State v. Orsello

529 N.W.2d 481 | Minn. Ct. App. | 1995

529 N.W.2d 481 (1995)

STATE of Minnesota, Respondent,
v.
Paul Edward ORSELLO, Appellant.

No. C2-94-1435.

Court of Appeals of Minnesota.

April 4, 1995.
Review Granted June 14, 1995.

*482 Hubert H. Humphrey, III, Atty. Gen., James B. Early, Asst. Atty. Gen., St. Paul, MN, James T. Reuter, Chisago County Atty., Center City, for respondent.

Cynthia A. Jokela, Robin Powers Kinning, Kimberly J. Nordby, Fredrikson & Byron, P.A., Minneapolis, for appellant.
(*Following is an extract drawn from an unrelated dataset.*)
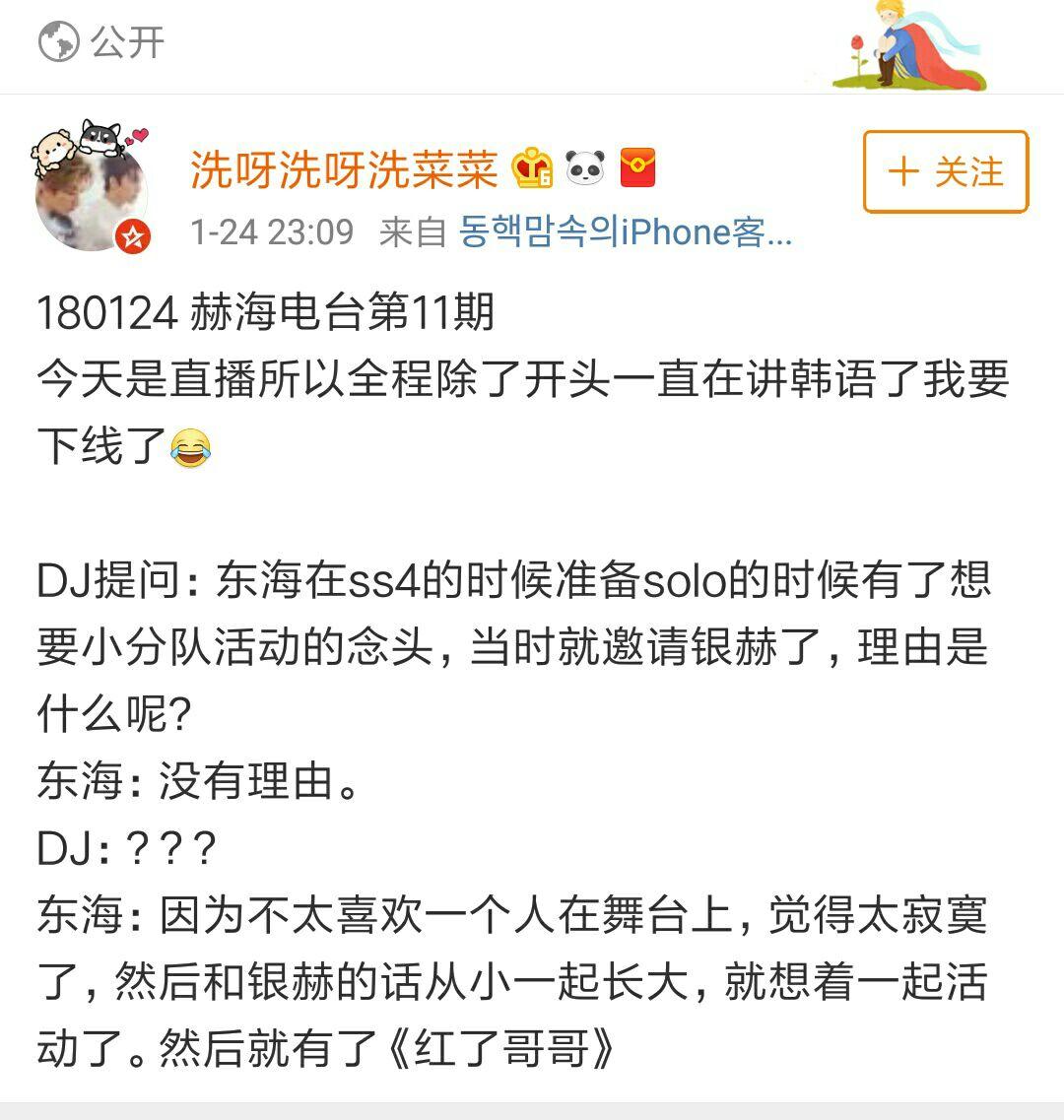 李赫宰:这个我知道这次编辑是在1.25了,看到有评论提醒才想起来哈哈哈,主要是已经在微博上发完疯了。这边还想说说1.24的电台啦,在电台里面,两人说了对他们两人小分队的想法,怎么说吧,就像两个孩子抓着小小的计划,彼此扶持慢慢学习着,在并肩成长中彼此包容

Considered and decided by KALITOWSKI, P.J., LANSING and SHORT, JJ.

OPINION

LANSING, Judge.

A defendant convicted of harassment under Minn.Stat. § 609.749 challenges the denial of his motion for a new trial based on the jury instruction setting forth the requisite intent. The district court interpreted the statute to require that the state show general and not specific intent, and we affirm.

FACTS

Diane and Paul Orsello dissolved their nine-year marriage in November 1992. In June 1992, while the couple was separated, Diane Orsello obtained a restraining order against Paul Orsello that prohibited him from contacting her through any means of communication. In May 1993 Paul Orsello was convicted of a July 1992 violation of the protection order.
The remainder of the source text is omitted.